> **WHAT YOU ARE ASKED TO DO**: Only the lines from the one with "Rotavator Blade Straight" to the end of the data below should be given again, exactly, with both ends included and pictures omitted.

[[ SUPPLIED MATERIAL open ]]

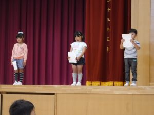 1年生にとっては、2度目の発表ですが、緊張しながらも、今回は3人の子供が発表しました。
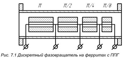 Длина дополнительного участка линии определяет дискретное значение фазового сдвига, а количество таких дополнительно включаемых линий определяет максимальный сдвиг фазы. Одна из возможных реализаций конструкции вышеописанного фазовращателя приведена на (рис. 7.1). В нашем случае будем применять дискретно-коммутационный ферритовый фазовращатель на прямоугольной петле гистерезиса с дискретом фазы равным 22, 5°.
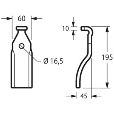 Rotavator Blade Straight - 60x10mm Height: 195mm. Hole centres: Hole Ø: 16.5mm. Replacement for Pegoraro To fit as: 006955 | Sparex Part No.S.77565 0.82 kg
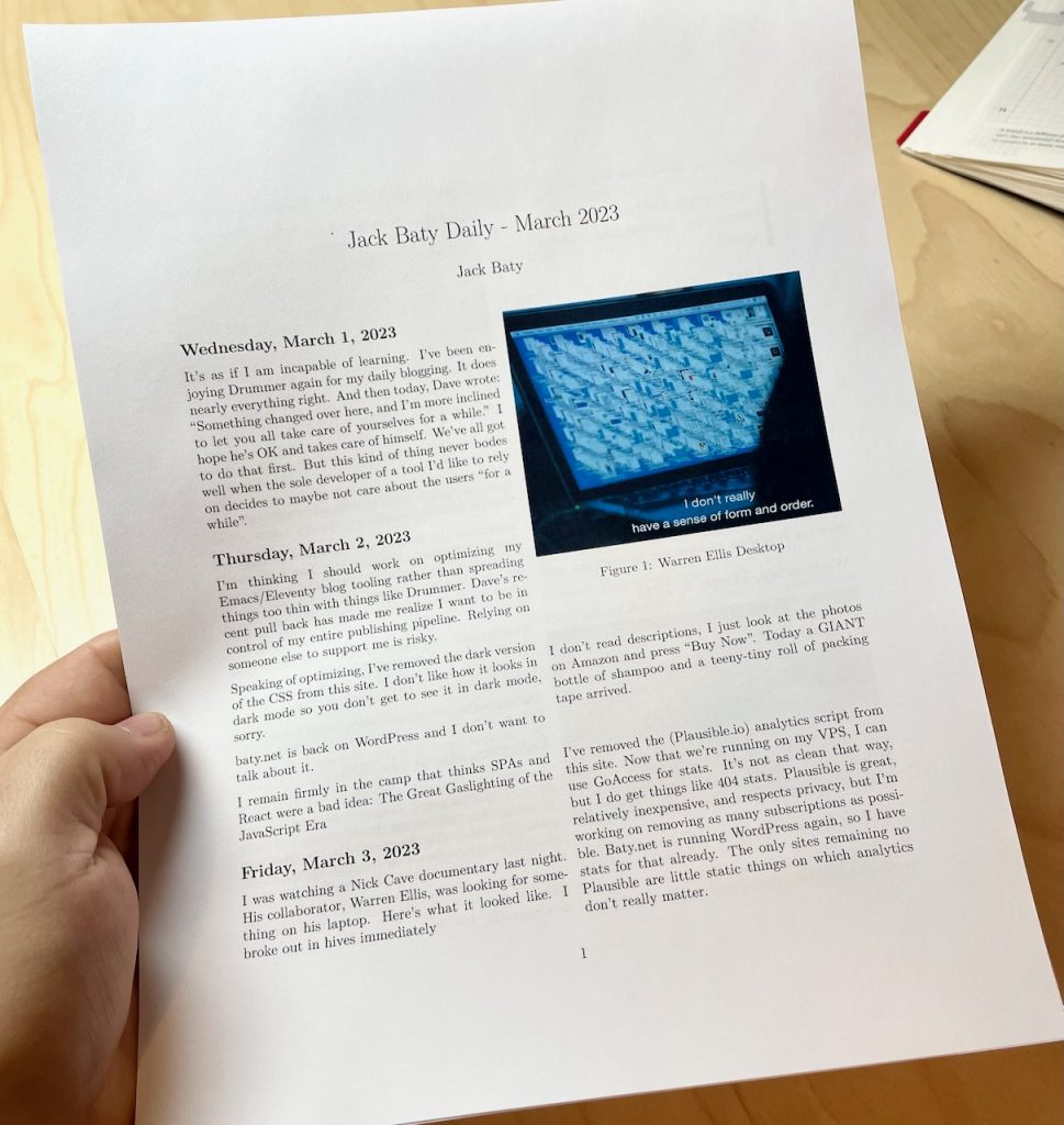 It occurred to me that my daily.baty.net website content is just a bunch of markdown files that could be treated the same as my org-journal files and perhaps printed as well.

[[ SUPPLIED MATERIAL closed ]]

> **EXERCISE RESULT**:
 Rotavator Blade Straight - 60x10mm Height: 195mm. Hole centres: Hole Ø: 16.5mm. Replacement for Pegoraro To fit as: 006955 | Sparex Part No.S.77565 0.82 kg
 It occurred to me that my daily.baty.net website content is just a bunch of markdown files that could be treated the same as my org-journal files and perhaps printed as well.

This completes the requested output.